The Canet family history traced its arrival in Australia to Charlie’s grandfather, Robert Canet; a 17 year-old crewman who jumped ship from an English trading vessel at the Melbourne docks during the height of the Victorian goldrush. Robert made his way to the gold fields, struck it rich, and eventually bought a farm in northern Victoria.
By 1915, Robert’s grandson; Charlie, was in Melbourne, playing impressive football for Brunswick Amateurs. Carlton soon took notice, and early the following year Canet made his senior debut for the Blues in a nail-biting 5-point win over Richmond at Punt Road. At first, Charlie played in a back pocket that afternoon, before coach Clark realised that he was much more valuable further up field. Throughout the rest of his time with the Blues, Canet rarely played anywhere else but the wing.
Canet’s best season was 1920, when he was appointed vice-captain to Charlie Fisher, and enjoyed a consistent year alongside champion centreman Rod McGregor. Then in July, Fisher was injured, and relinquished the captaincy. But instead of appointing Canet in Fisher’s place, Norman Clark gave that honour to centre half-back Paddy O’Brien, with Charlie remaining as his deputy. Clark was a strong-willed and forthright character, and not always the most tactful, so it is easy to conclude that Canet would not have appreciated the manner, or the circumstances of his rejection.

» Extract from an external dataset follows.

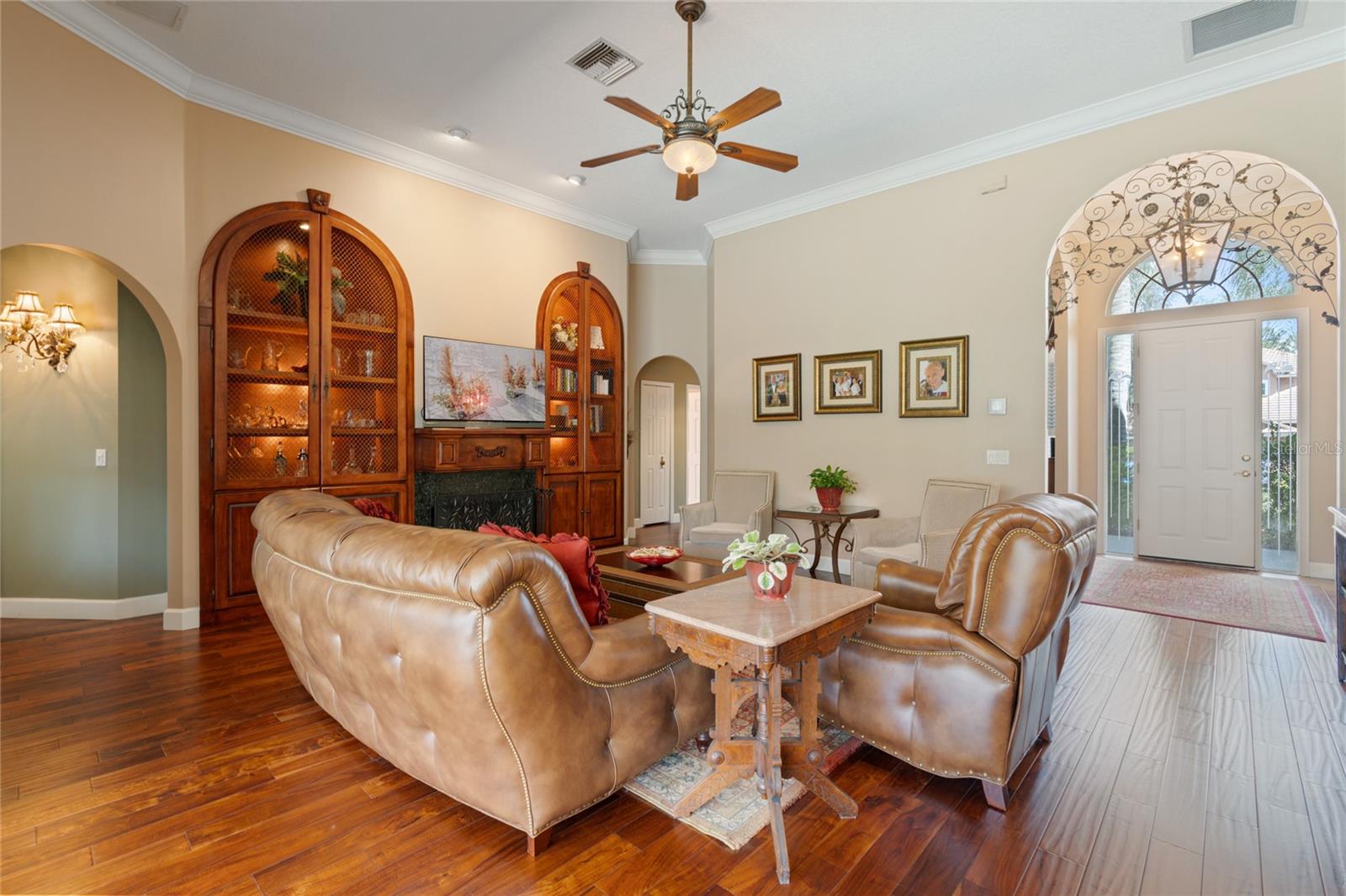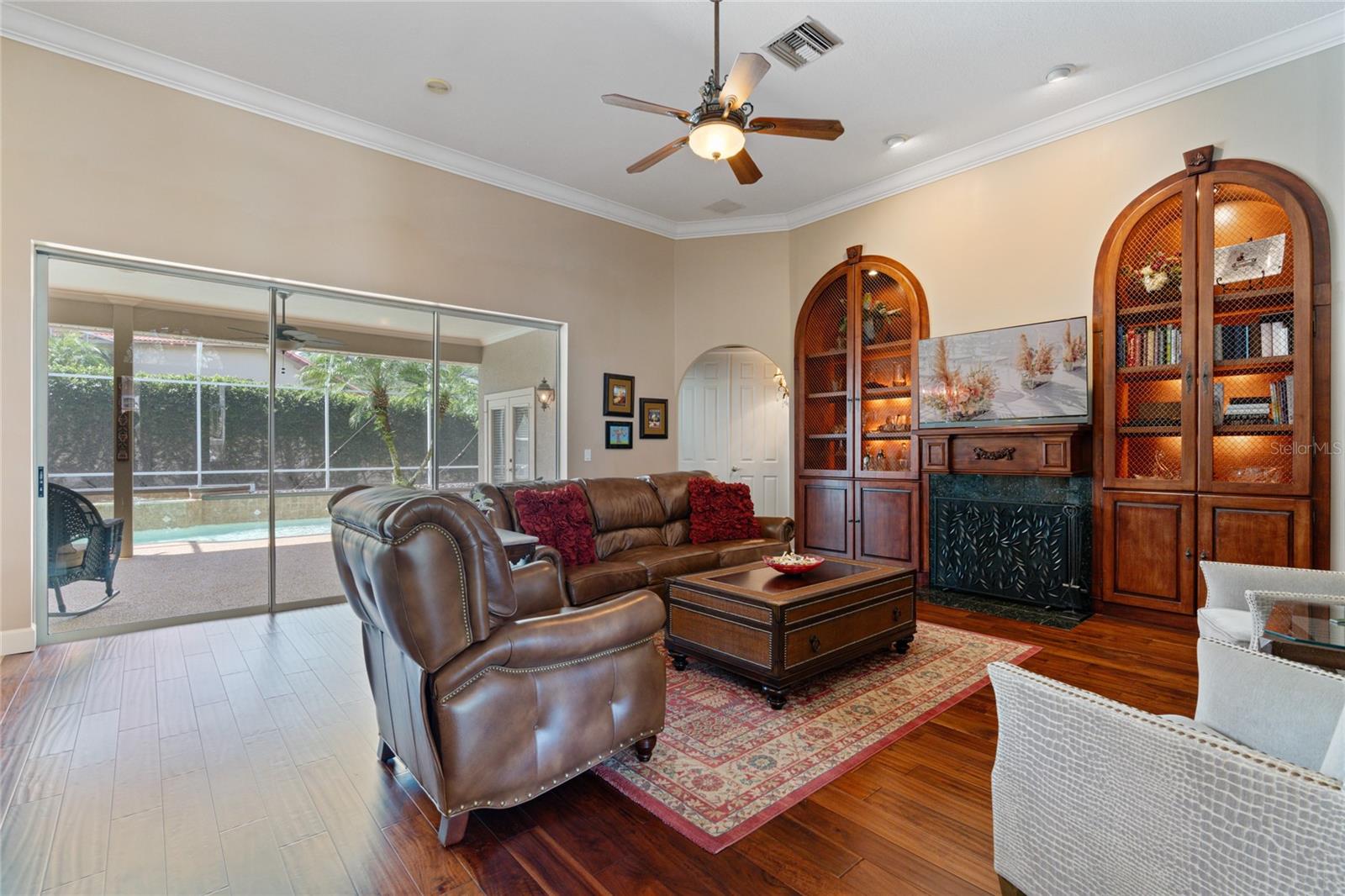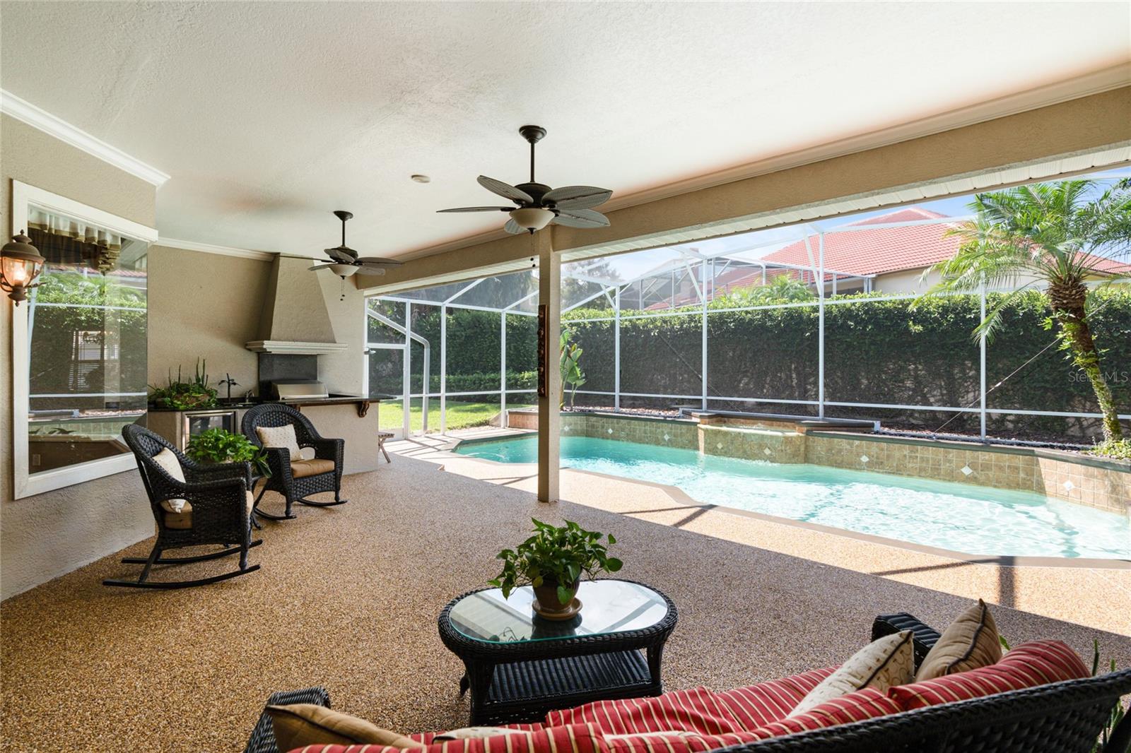 Bem-vindo à sua propriedade personalizada no desejável e virtual portão de guarda Palma Vista, situado no imaculado Campo de Golfe Metrowest Country Club. Apresentando uma piscina privada murada com tela que não é negligenciada por nenhum dos vizinhos e uma vista imponente, este lote elevado tem quase 1/3 de acre e leva você a um hall de entrada acolhedor e um piso plano aberto com ricos pisos de travertino e madeira realçados por sancas e motivos florais de videira em ferro forjado personalizados que adornam os arcos arquitetônicos. A entrada é ladeada pela sala de estar formal que servia de escritório e pela sala de jantar formal que está convenientemente localizada ao lado da cozinha. Sua cozinha gourmet bem equipada e atualizada apresenta eletrodomésticos de aço inoxidável atualizados, uma ilha de cozinha, despensa, armários de cerejeira sólidos e bancadas atualizadas que se estendem até uma barra de café da manhã que é ideal para servir aos seus convidados suas criações culinárias mais tentadoras; tornando esta planta aberta ideal para entretenimento. O recanto de café da manhã adjacente tem vista para o sereno quintal privativo e para a piscina e se abre para a acolhedora sala de família com uma aconchegante lareira a lenha ladeada por estantes personalizadas de madeira trabalhada com portas de arame de latão cruzadas personalizadas; o espaço ideal para exibir seus itens colecionáveis e artefatos mais valiosos. O espaçoso retiro principal sereno está localizado em uma configuração de planta dividida e possui 2 closets espaçosos e vistas serenas de sua piscina cintilante e quintal privativo. O banheiro principal da suíte possui 2 pias altas separadas de granito, armários de madeira personalizados, banheira de hidromassagem e toalete e chuveiro separados com piso de mosaico, chuveiros duplos e paredes de travertino do chão ao teto. O quarto 2 está escondido no lado oposto e possui um banheiro adjacente, tornando-o ideal para seus quartos de hóspedes. Os quartos 3 e 4 compartilham o terceiro banheiro e são adjacentes à lavanderia e à enorme garagem com entrada lateral para 3 carros. A varanda espaçosa com sombra e tela possui portas de vidro deslizantes dobráveis que abrem toda a planta baixa para a varanda; ideal para entretenimento. O charmoso deck de pedra do rio leva você a uma piscina cintilante com uma nova bomba de piscina e uma cozinha de verão totalmente equipada e churrasqueira e exaustor infravermelho Solaire; seu oásis privado ideal para escapar e desfrutar de sua bebida favorita. Tudo isso em uma excelente localização para escolas com classificação A e perto das principais rodovias, atrações da área, lojas, Campus Oeste do Valencia Community College e a poucos minutos do Aeroporto Internacional de Orlando. Agende hoje mesmo sua exibição privada...

However, Carlton still made it all the way to the Preliminary Final in 1920, only to lose to Collingwood in a gruelling contest on a wet and heavy MCG. O’Brien and Canet battled hard all match trying to lift their side to victory, but Collingwood’s little men couldn’t be contained, and the final margin of 24 points flattered the Blues. Afterward, Paddy O’Brien rekindled the flame of antagonism between Clark and Canet when he in turn stood down as captain. Charlie Canet assumed the role at last, but there can be little doubt that resentment lingered on.
When season 1921 got underway, the tensions between Clark and Canet seemed to have eased, especially after the Blues first six matches brought three wins, two draws and a bye to give Charlie an unblemished record as captain. That was until the week prior to round 7, when Carlton sprung yet another surprise by announcing that Canet had been replaced by Gordon Green as captain of the Blues. The real circumstances of this fourth change of leadership in less than twelve months was never made public, but it was obvious that Canet’s position at Carlton was by then untenable.
At 25 years of age, as a former VFL club captain with 79 games experience, Charlie Canet was hot football property, and it didn’t take long for the offers to roll in. Eventually, he decided to head for Nathalia in northern Victoria, where the prospect of employment, housing and a minimum salary of eight pounds a week to captain-coach the local team compared very favourably with his pay packet of five pounds a week at Carlton.
Canet played his eightieth and last match for the Navy Blues in August 1921, when Carlton comfortably accounted for South Melbourne at Princes Park. All four of the club’s most recent captains; Green, Canet, O’Brien and Fisher, were in the side that afternoon, when Norman Clark coached the side to a 25-point win.
After that, Charlie Canet went to Nathalia, and eventually settled in the district. When World War II began in 1939, he signed up at the age of 47 to spend two years serving with a Docks Operating Company of the Royal Australian Engineers. He came home safe and well, and lived out his remaining years in the bush before passing away in 1978, at the age of 82.